Başka Bir Dünyanın Aşçısı - Bölüm 1676
Bölüm 1676: Sistem Yükseltmesi ve Kıyamet Gök Gürültüsü Felaketi
Bu Fang, Gök Tanrısı Sıkıntısına pek dikkat etmedi. Dikkati, Sistem’in uzun süredir kayıp olan sesine odaklanmıştı.
Sistemin sesini duymayalı ne kadar zaman olduğunu hatırlayamıyordu. Hatırladığından biraz farklıydı. Geçmişte, Sistem’in sesi ciddiydi ve neredeyse robotik geliyordu, ama kafasında çınlayan ses şimdi biraz daha fazla görünüyordu… ruhsal.

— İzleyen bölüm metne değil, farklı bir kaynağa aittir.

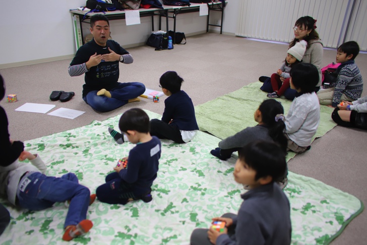 第3部はルービックキューブで模様をつくって遊びました。講師のトシちゃんの娘さんは小学4年生なのですが、どんな状態からでもルービックキューブをあっという間に6面揃えられます。模様を作った後、戻すのを失敗したルービックキューブは彼女に渡せば30秒ほどで綺麗に6面揃って戻ってきます。攻略法があるらしいのですが、いやはやすごい。
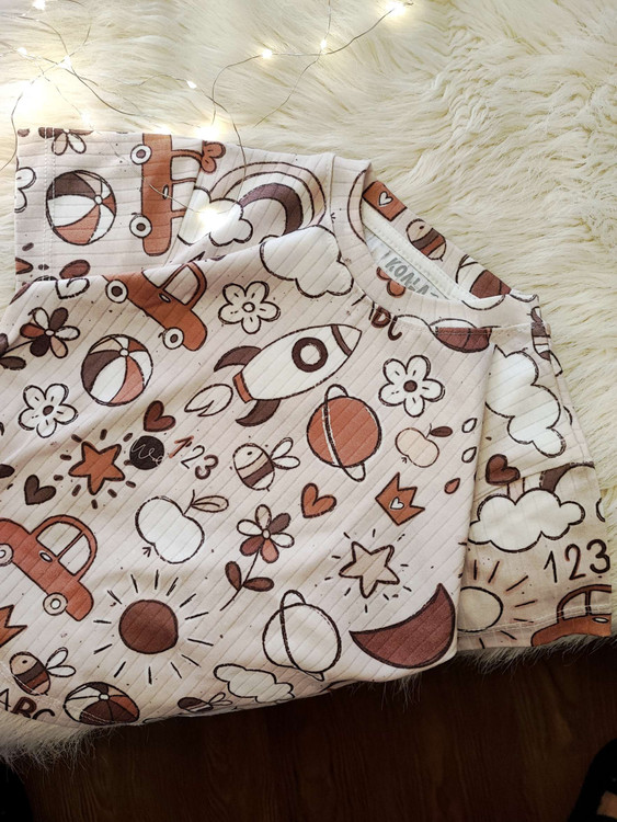 سایز ۷/قد از سرشانه۵۵/پهنا۴۳/قد شلوارک از کمر۴۳
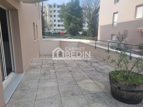 Grand T2 lumineux avec une terrasse d'environ 40m², en bon état donnant sur les jardins, situé dans une résidence de standing, dans un quartier recherché du Bouscat, à deux pas du tram D et des commerces de l'hyper centre, il comprend une entrée, un salon-séjour avec cuisine équipée, une chambre et une salle de bains, wc séparé. Une place de parking complète le bien.

‘Sistem yükseltmesi tamamlandı, veritabanı güncelleniyor…’ Sistem, Bu Fang ile sohbet ediyormuş gibi görünen bir tonda söyledi.
Bu Fang’ın kaşları çatıldı. Olduğu yerde durdu ve Sweet ‘n’ Sour Ribs’i ağzına doldurmaya devam etti. Her bir kaburga parçası son derece yumuşak ve yumuşaktı.
Kaybettiği tat, dokunma ve koku alma duyuları geri geldi. Şaşkınlık içinde bir rüya görüyormuş gibi hissetti ve bu çok gerçekçi bir rüyaydı.
Ağzı, tatlı ve ekşi bir ipucuyla karıştırılmış tuzlu bir tatla doluydu. Bu, Sweet ‘n’ Sour Ribs’in tadıydı. Sosun tadı, etin tadıyla birleşince ortaya harika bir lezzet çıkmıştı.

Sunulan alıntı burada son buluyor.